▶ **Exercise**:
Copy, pictures aside: the lines below from the one that holds "重新計算按鈕被按下之後,把相關的標籤和文字輸入盒的文字,給設定成待計算和空白。" through the final line of the listing, both ends included, exactly as they are and nothing else.

▶ **Recorded data**:
* * * * * * *

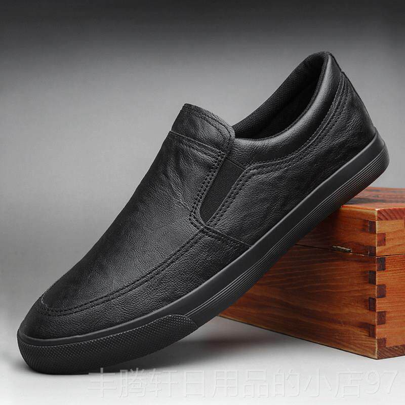 外贸男鞋真皮男士休闲皮鞋轻便透气一脚蹬懒人鞋软底软面皮乐福鞋
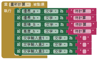 重新計算按鈕被按下之後,把相關的標籤和文字輸入盒的文字,給設定成待計算和空白。
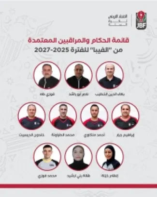 فيبا يعتمد 10 حكام أردنيين ضمن القائمة الدولية للفترة 2027-2025

* * * * * * *

▶ **Solution to the exercise**:
 重新計算按鈕被按下之後,把相關的標籤和文字輸入盒的文字,給設定成待計算和空白。
 فيبا يعتمد 10 حكام أردنيين ضمن القائمة الدولية للفترة 2027-2025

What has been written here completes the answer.